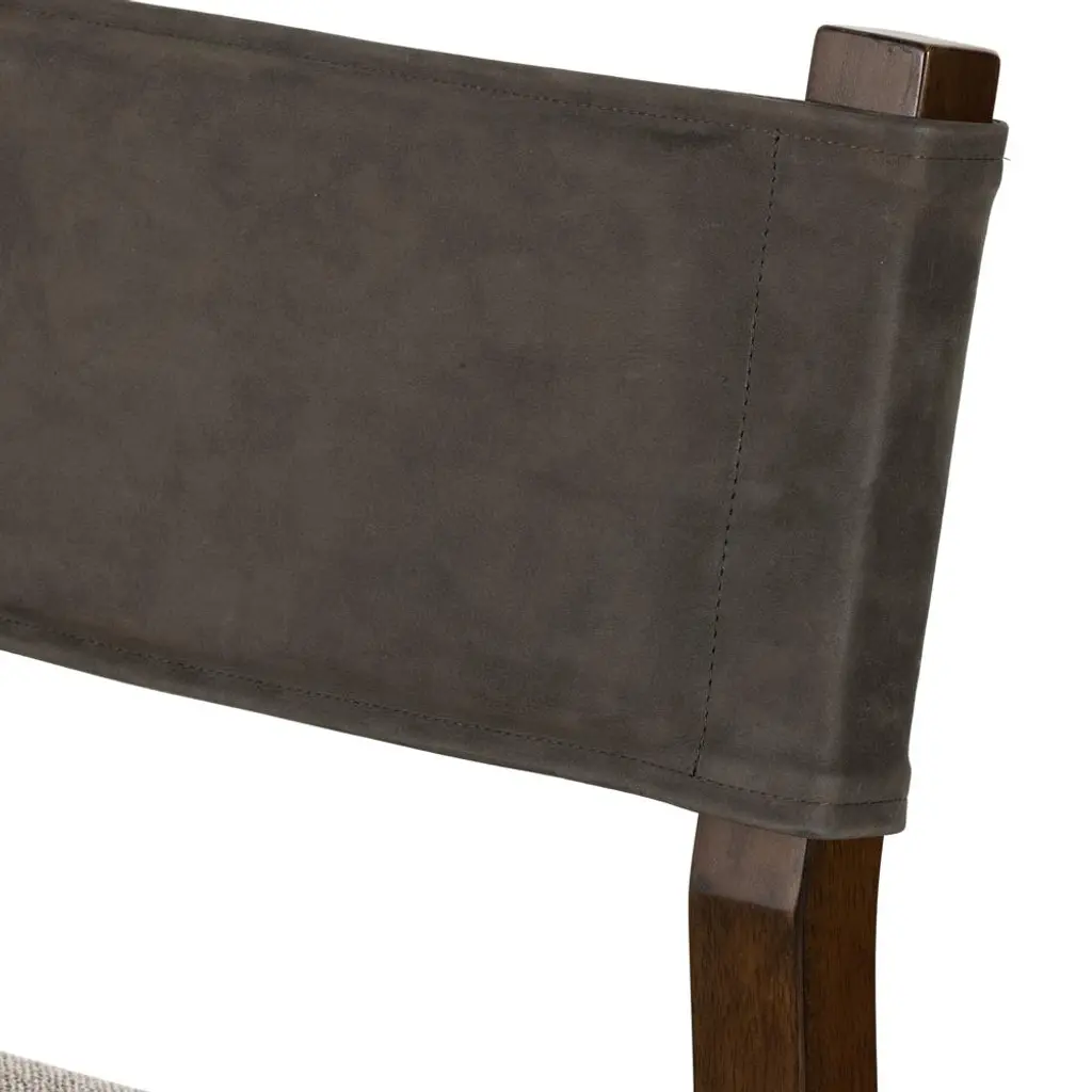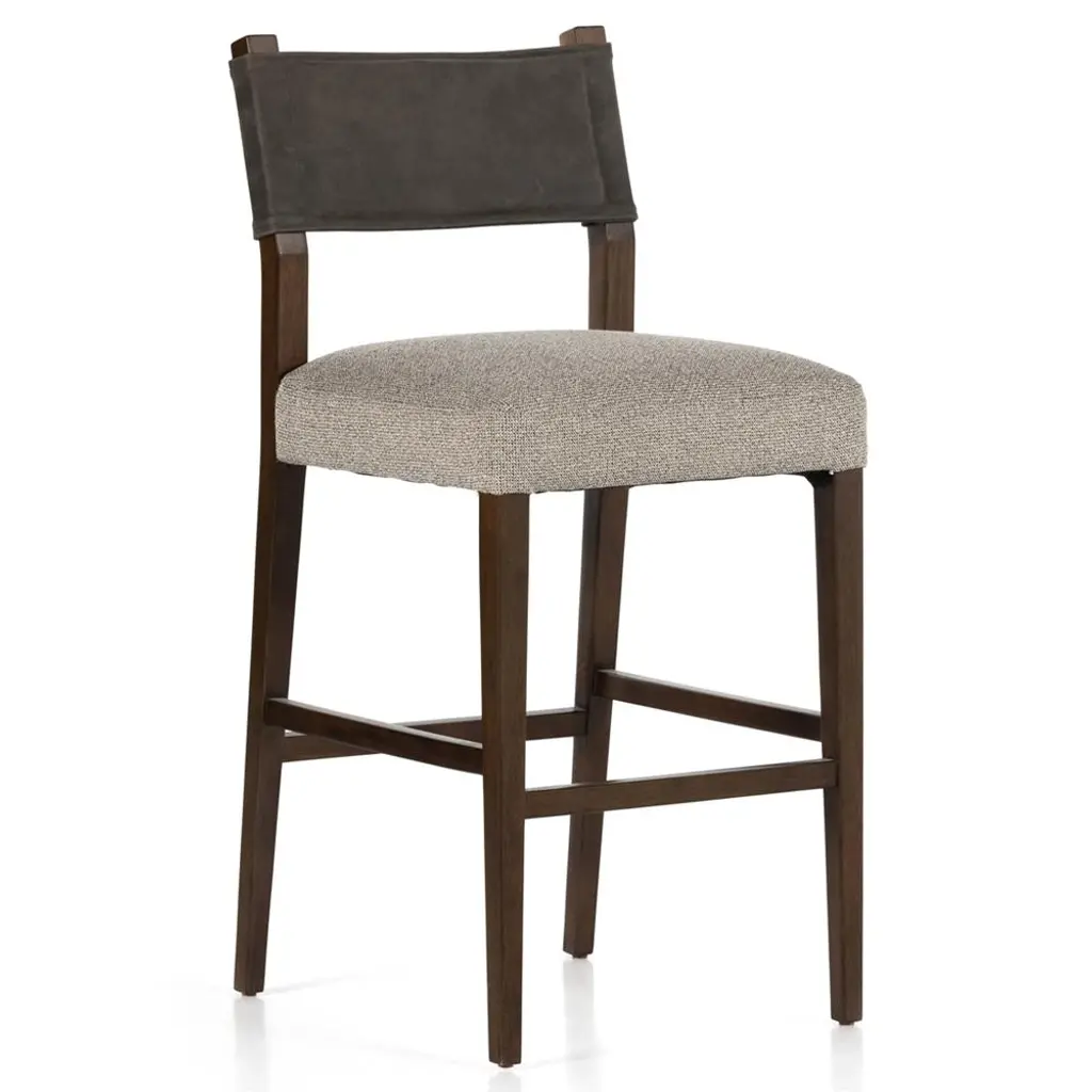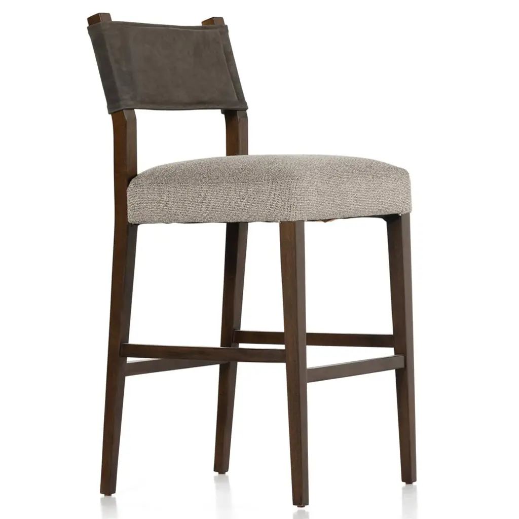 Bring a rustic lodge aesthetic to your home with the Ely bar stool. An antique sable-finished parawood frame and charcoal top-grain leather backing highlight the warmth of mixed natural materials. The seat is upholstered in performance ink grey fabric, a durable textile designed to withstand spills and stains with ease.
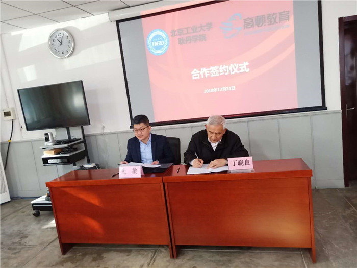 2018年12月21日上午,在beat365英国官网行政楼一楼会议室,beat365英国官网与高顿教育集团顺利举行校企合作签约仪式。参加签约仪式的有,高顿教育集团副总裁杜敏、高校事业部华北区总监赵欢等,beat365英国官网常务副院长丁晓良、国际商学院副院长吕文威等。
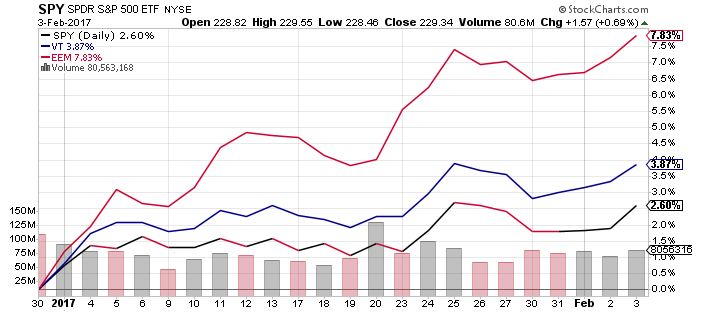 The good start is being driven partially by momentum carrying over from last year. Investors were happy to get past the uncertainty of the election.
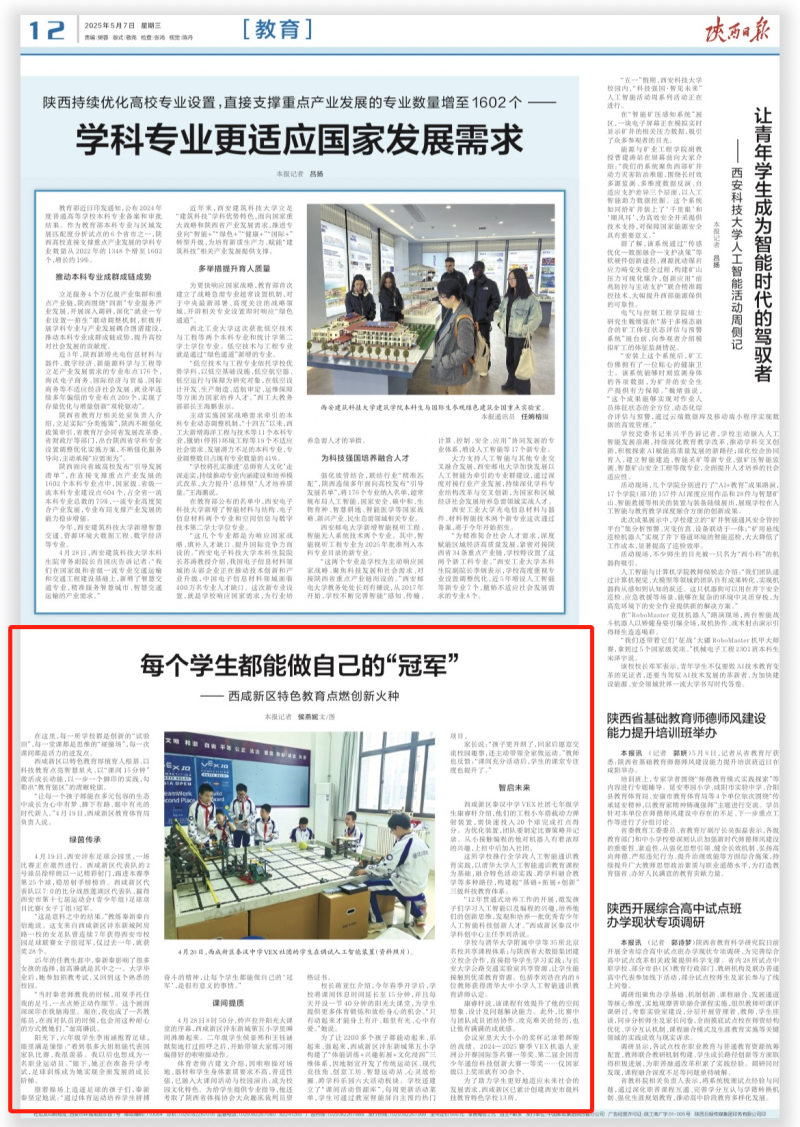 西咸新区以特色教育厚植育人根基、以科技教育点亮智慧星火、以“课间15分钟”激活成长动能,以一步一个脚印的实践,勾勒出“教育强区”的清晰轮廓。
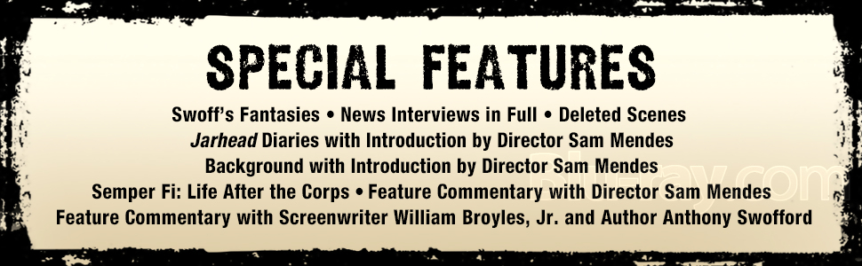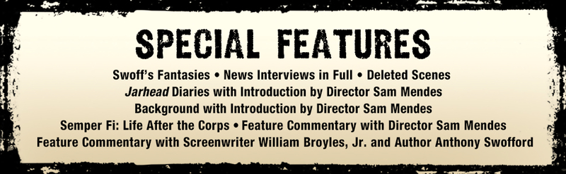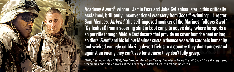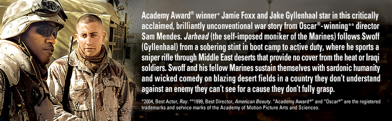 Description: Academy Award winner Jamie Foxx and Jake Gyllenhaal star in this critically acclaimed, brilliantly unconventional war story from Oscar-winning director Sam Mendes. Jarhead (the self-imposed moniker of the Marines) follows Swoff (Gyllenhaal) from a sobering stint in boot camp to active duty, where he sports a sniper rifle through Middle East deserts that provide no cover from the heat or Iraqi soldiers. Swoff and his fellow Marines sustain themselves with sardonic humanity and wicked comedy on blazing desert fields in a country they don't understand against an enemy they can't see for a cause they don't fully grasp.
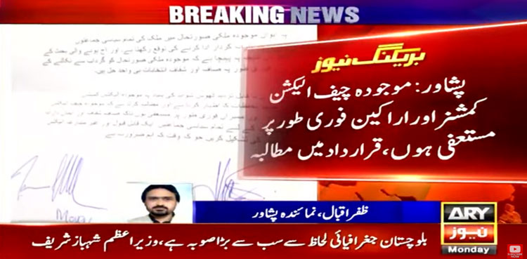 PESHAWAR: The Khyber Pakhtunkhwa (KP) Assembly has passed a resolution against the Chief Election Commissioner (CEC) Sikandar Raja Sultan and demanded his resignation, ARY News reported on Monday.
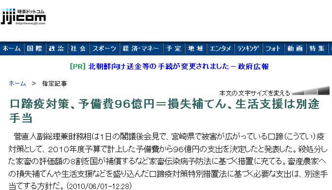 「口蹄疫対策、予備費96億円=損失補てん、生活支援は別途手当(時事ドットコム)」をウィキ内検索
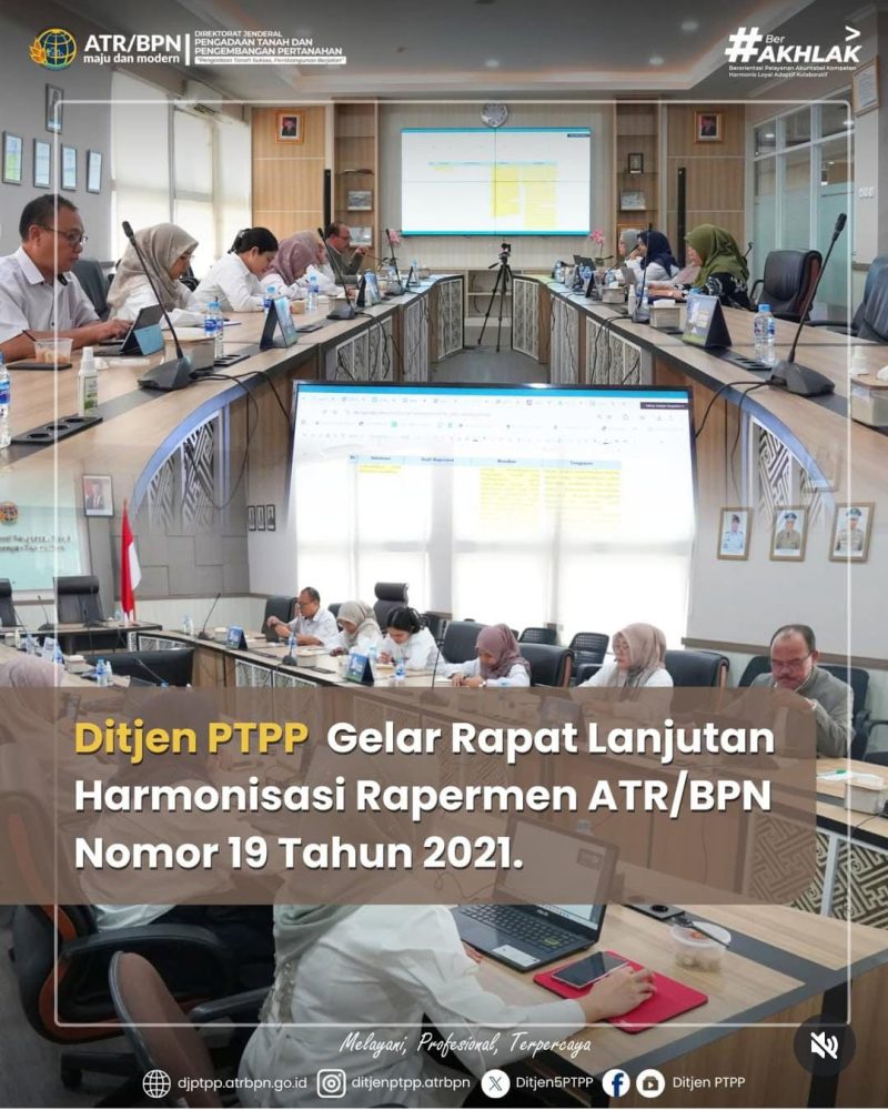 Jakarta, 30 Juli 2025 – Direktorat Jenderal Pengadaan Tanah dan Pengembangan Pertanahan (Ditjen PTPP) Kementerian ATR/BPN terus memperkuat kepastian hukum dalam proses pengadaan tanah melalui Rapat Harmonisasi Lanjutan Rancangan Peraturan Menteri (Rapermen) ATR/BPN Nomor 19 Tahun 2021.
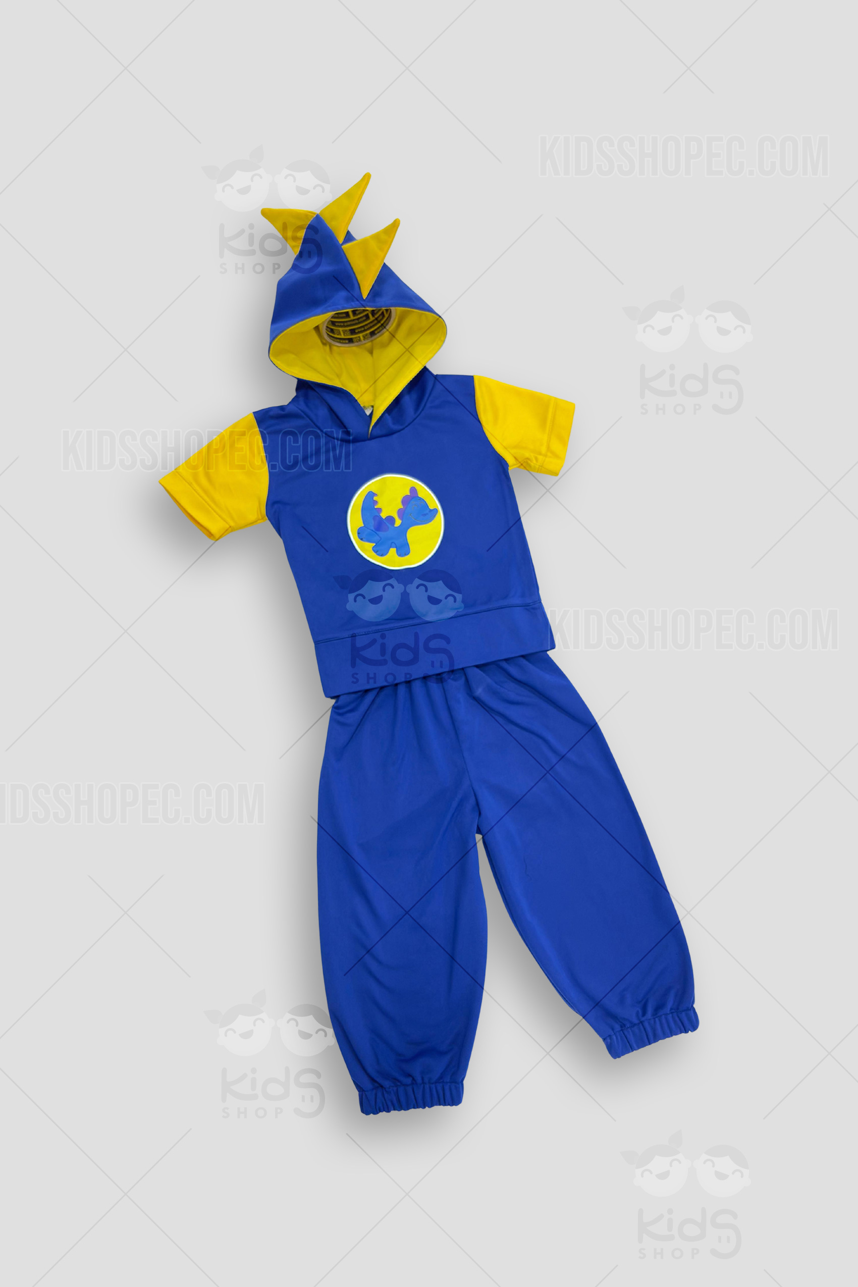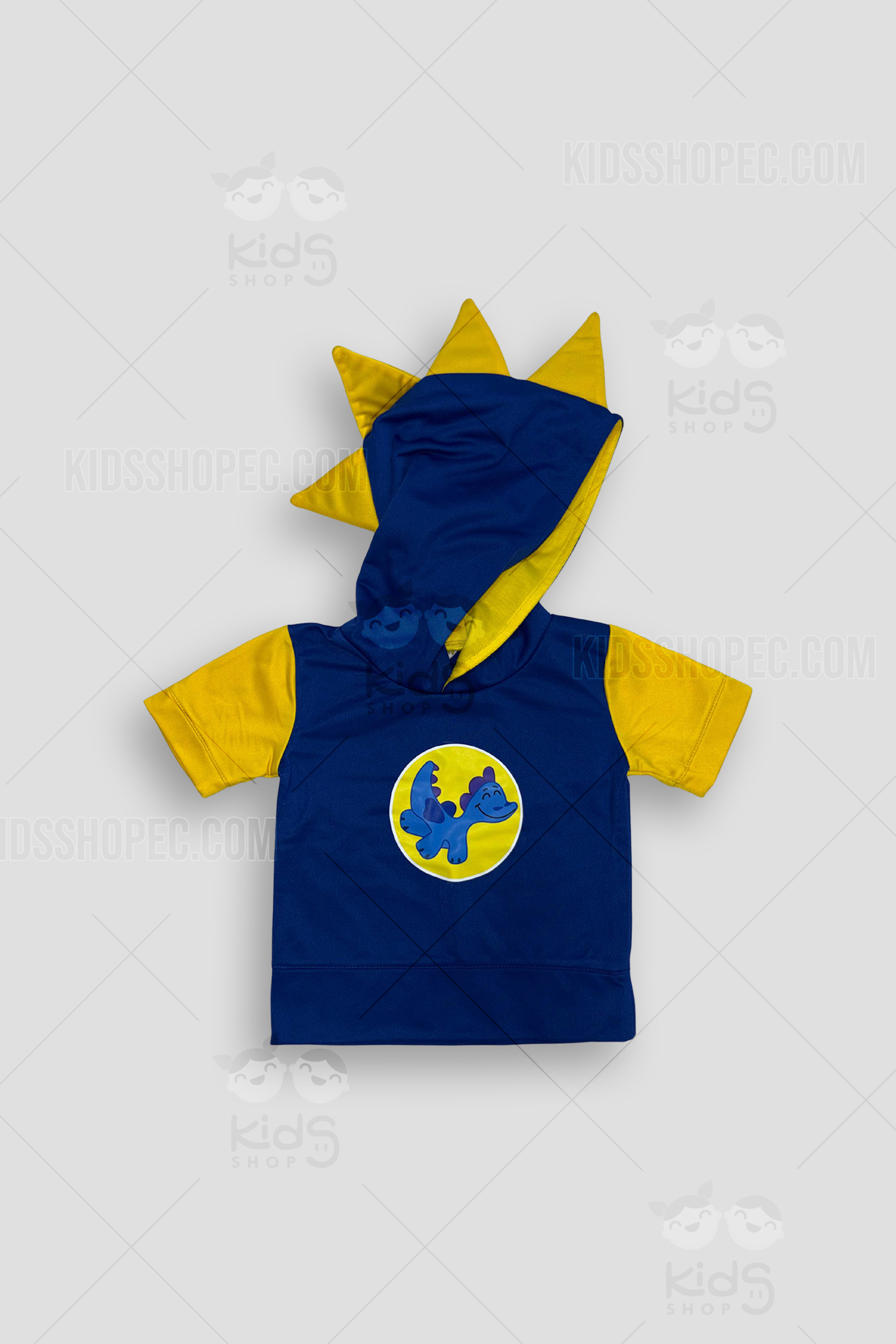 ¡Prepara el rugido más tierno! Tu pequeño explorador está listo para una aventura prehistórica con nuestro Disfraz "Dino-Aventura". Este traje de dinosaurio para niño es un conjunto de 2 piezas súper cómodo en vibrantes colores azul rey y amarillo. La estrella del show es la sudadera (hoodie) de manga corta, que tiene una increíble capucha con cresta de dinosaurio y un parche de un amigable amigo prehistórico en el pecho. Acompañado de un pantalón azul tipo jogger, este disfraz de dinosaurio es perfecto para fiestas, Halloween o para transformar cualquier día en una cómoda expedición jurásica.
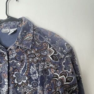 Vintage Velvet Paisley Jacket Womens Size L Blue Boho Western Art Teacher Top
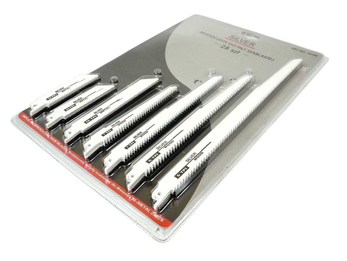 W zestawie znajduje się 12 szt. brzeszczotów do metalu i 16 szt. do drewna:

> [Work to be completed]: Would you print all of the material exactly as written, minus the pictures?

> [Response to the task]:
 Bring a rustic lodge aesthetic to your home with the Ely bar stool. An antique sable-finished parawood frame and charcoal top-grain leather backing highlight the warmth of mixed natural materials. The seat is upholstered in performance ink grey fabric, a durable textile designed to withstand spills and stains with ease.
 2018年12月21日上午,在beat365英国官网行政楼一楼会议室,beat365英国官网与高顿教育集团顺利举行校企合作签约仪式。参加签约仪式的有,高顿教育集团副总裁杜敏、高校事业部华北区总监赵欢等,beat365英国官网常务副院长丁晓良、国际商学院副院长吕文威等。
 The good start is being driven partially by momentum carrying over from last year. Investors were happy to get past the uncertainty of the election.
 西咸新区以特色教育厚植育人根基、以科技教育点亮智慧星火、以“课间15分钟”激活成长动能,以一步一个脚印的实践,勾勒出“教育强区”的清晰轮廓。
 Description: Academy Award winner Jamie Foxx and Jake Gyllenhaal star in this critically acclaimed, brilliantly unconventional war story from Oscar-winning director Sam Mendes. Jarhead (the self-imposed moniker of the Marines) follows Swoff (Gyllenhaal) from a sobering stint in boot camp to active duty, where he sports a sniper rifle through Middle East deserts that provide no cover from the heat or Iraqi soldiers. Swoff and his fellow Marines sustain themselves with sardonic humanity and wicked comedy on blazing desert fields in a country they don't understand against an enemy they can't see for a cause they don't fully grasp.
 PESHAWAR: The Khyber Pakhtunkhwa (KP) Assembly has passed a resolution against the Chief Election Commissioner (CEC) Sikandar Raja Sultan and demanded his resignation, ARY News reported on Monday.
 「口蹄疫対策、予備費96億円=損失補てん、生活支援は別途手当(時事ドットコム)」をウィキ内検索
 Jakarta, 30 Juli 2025 – Direktorat Jenderal Pengadaan Tanah dan Pengembangan Pertanahan (Ditjen PTPP) Kementerian ATR/BPN terus memperkuat kepastian hukum dalam proses pengadaan tanah melalui Rapat Harmonisasi Lanjutan Rancangan Peraturan Menteri (Rapermen) ATR/BPN Nomor 19 Tahun 2021.
 ¡Prepara el rugido más tierno! Tu pequeño explorador está listo para una aventura prehistórica con nuestro Disfraz "Dino-Aventura". Este traje de dinosaurio para niño es un conjunto de 2 piezas súper cómodo en vibrantes colores azul rey y amarillo. La estrella del show es la sudadera (hoodie) de manga corta, que tiene una increíble capucha con cresta de dinosaurio y un parche de un amigable amigo prehistórico en el pecho. Acompañado de un pantalón azul tipo jogger, este disfraz de dinosaurio es perfecto para fiestas, Halloween o para transformar cualquier día en una cómoda expedición jurásica.
 Vintage Velvet Paisley Jacket Womens Size L Blue Boho Western Art Teacher Top
 W zestawie znajduje się 12 szt. brzeszczotów do metalu i 16 szt. do drewna:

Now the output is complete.